[GIVEN RECORDS]
◇ ◇ ◇ ◇
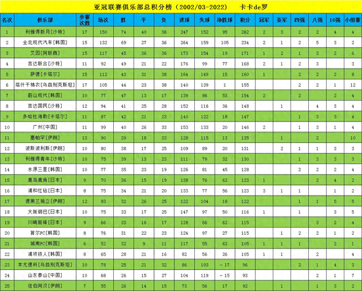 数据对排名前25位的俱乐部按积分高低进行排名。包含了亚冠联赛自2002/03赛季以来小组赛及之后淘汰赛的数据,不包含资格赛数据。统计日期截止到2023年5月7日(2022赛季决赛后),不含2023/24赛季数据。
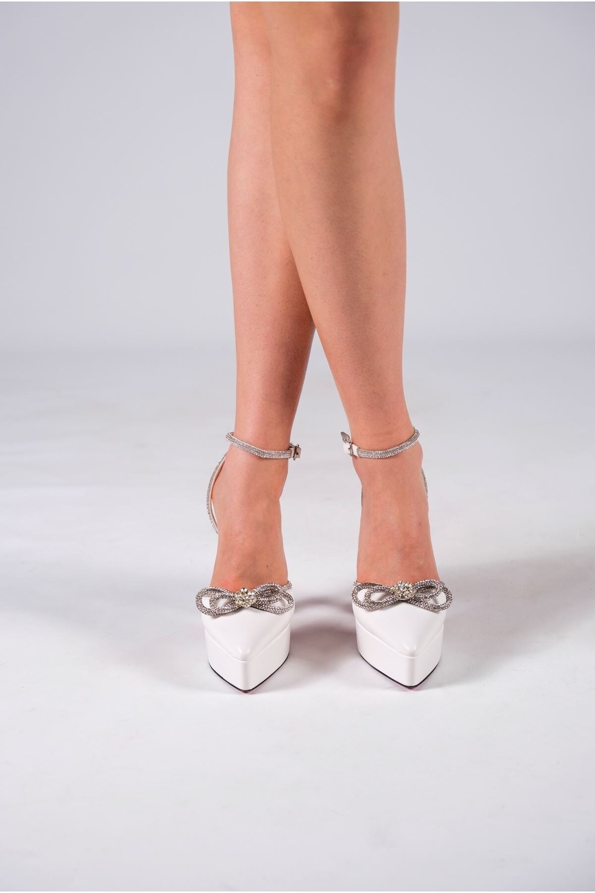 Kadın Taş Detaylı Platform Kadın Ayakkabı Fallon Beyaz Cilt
◇ ◇ ◇ ◇
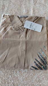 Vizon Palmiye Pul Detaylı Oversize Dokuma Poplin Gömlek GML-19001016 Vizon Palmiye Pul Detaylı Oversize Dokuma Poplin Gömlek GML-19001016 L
◇ ◇ ◇ ◇
[WORK TASK] Extract, without any images, the part of the material above that opens with the line containing "数据对排名前25位的俱乐部按" and closes with the line containing "Kadın Taş Detaylı", both lines included.

[RESPONSE TO THE TASK]
 数据对排名前25位的俱乐部按积分高低进行排名。包含了亚冠联赛自2002/03赛季以来小组赛及之后淘汰赛的数据,不包含资格赛数据。统计日期截止到2023年5月7日(2022赛季决赛后),不含2023/24赛季数据。
 Kadın Taş Detaylı Platform Kadın Ayakkabı Fallon Beyaz Cilt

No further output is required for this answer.